* [Aim of the task] Taking the entries below, transcribe only the lines starting with the one with "природной жемчужине России" and going on through the one with "Detached chalet comprising", exactly as written, without the pictures.

* [Input records]
===
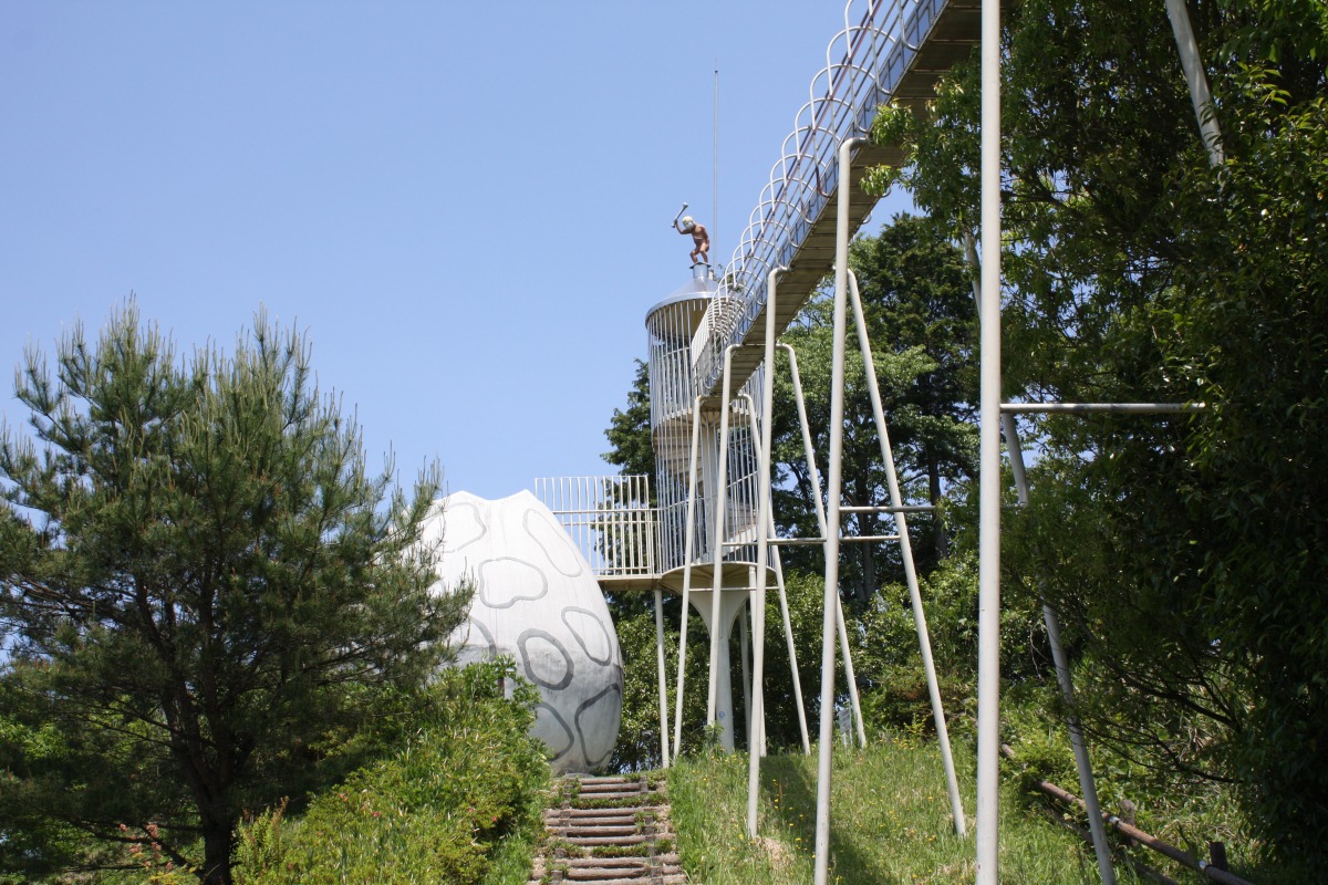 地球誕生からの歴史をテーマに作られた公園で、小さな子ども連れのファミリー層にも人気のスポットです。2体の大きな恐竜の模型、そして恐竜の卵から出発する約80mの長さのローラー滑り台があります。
===
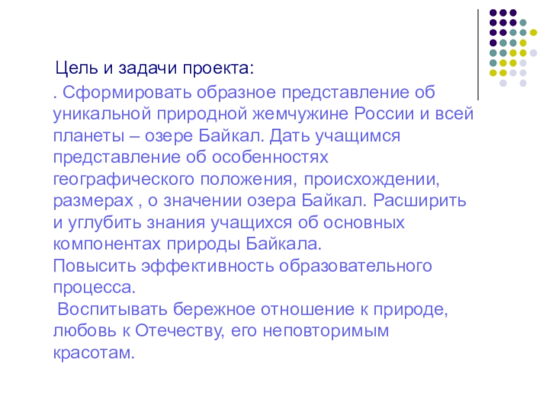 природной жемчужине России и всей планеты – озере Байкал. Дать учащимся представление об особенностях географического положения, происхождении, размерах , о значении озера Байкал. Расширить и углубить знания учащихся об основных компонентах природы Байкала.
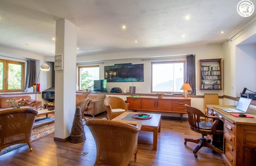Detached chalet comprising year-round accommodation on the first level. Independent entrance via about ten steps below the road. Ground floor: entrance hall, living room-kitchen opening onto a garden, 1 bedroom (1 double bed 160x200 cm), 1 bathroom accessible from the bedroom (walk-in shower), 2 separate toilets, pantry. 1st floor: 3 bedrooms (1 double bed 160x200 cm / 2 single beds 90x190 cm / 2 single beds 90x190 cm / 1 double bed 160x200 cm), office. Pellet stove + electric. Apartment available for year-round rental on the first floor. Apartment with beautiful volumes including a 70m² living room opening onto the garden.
===
* [Answer below]
 природной жемчужине России и всей планеты – озере Байкал. Дать учащимся представление об особенностях географического положения, происхождении, размерах , о значении озера Байкал. Расширить и углубить знания учащихся об основных компонентах природы Байкала.
Detached chalet comprising year-round accommodation on the first level. Independent entrance via about ten steps below the road. Ground floor: entrance hall, living room-kitchen opening onto a garden, 1 bedroom (1 double bed 160x200 cm), 1 bathroom accessible from the bedroom (walk-in shower), 2 separate toilets, pantry. 1st floor: 3 bedrooms (1 double bed 160x200 cm / 2 single beds 90x190 cm / 2 single beds 90x190 cm / 1 double bed 160x200 cm), office. Pellet stove + electric. Apartment available for year-round rental on the first floor. Apartment with beautiful volumes including a 70m² living room opening onto the garden.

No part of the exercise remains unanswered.